В сборнике опубликованы воспоминания, свидетельства и документы, посвященные повседневной жизни населения, деятельности местных органов самоуправления, террору и вооруженной борьбе на оккупированных территориях Советского Союза в 1941–1944 годах. В научный оборот вводятся новые источники, которые выявлены составителем в результате многолетних занятий в Гуверовском архиве Стэнфордского университета, и другие малоизвестные материалы.

ОТ АВТОРА-СОСТАВИТЕЛЯ

Традиционные представления о жизни на оккупированных территориях Советского Союза в 1941–1944 годах почти полвека формировались под влиянием идеологических установок партийно-политических органов и отечественного кинематографа. На протяжении десятилетий создавалось впечатление о том, как в оккупации советские люди страдали, умирали и мужественно сопротивлялись, тайком слушали по радио вселявшие оптимизм сводки Совинформбюро, расклеивали по ночам листовки и с нетерпением ждали приближения линии фронта, сохраняя верность идеалам и нравственной силе первого в мире социалистического государства.

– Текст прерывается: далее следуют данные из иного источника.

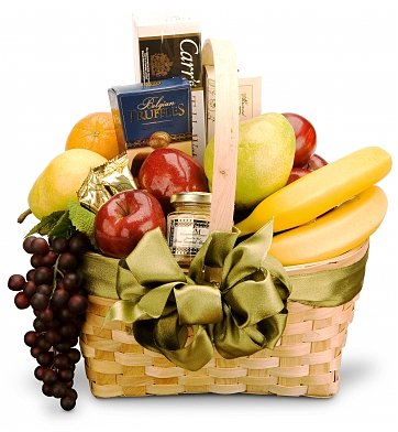 A gift of distinction filled with the most delicious assortment of foods for any occasion. An elegant handled basket holds the freshest fruits, such as oranges, apples, kiwi, pears, bananas, and grapes. The fruits are complemented by savory snacks such as gourmet canned items , cheeses, and crackers. For a crowning touch, we add a selection of candies or chocolates. Exact basket and components may vary by season, delivery location, and size ordered.

В 1941–1942 годах коварный враг захватил значительную часть территории Советского Союза исключительно по причине внезапности совершенного вероломного нападения, а также превосходства в силах и средствах. Немецко-фашистские оккупанты и их союзники были жадны, тупы, безжалостны и примитивны в своих намерениях и действиях. В занятых противником областях с первых дней воцарились беспросветная нужда, голод и террор. Однако миллионы советских людей, с надеждой и нетерпением ожидая возвращения родной советской власти, под руководством Коммунистической партии уже летом 1941 года поднялись на самоотверженную борьбу в тылу врага. В результате линии коммуникаций врага оказались парализованы, а его живая сила таяла день ото дня благодаря дерзким операциям неуловимых партизан, опиравшихся на всенародную любовь и поддержку. За годы войны народные мстители уничтожили, ранили и пленили свыше 1,6 млн. солдат и офицеров Вермахта, служащих военно-строительных организаций, немецких чиновников, военных железнодорожников

[1]

. В тылу у захватчиков буквально горела земля под ногами, и, кроме жалкой кучки предателей и пособников, ни на кого не мог опереться кровожадный агрессор…

Набор подобных тезисов хорошо знаком нам со школьных времен. Единственное смутное сомнение в исторической достоверности этой лубочной картины вызывал вопрос, неизменный на протяжении долгих мирных десятилетий и неожиданно «цеплявший» в любой официальной анкете: «Проживали ли вы или ваши родственники на оккупированной территории в годы войны?»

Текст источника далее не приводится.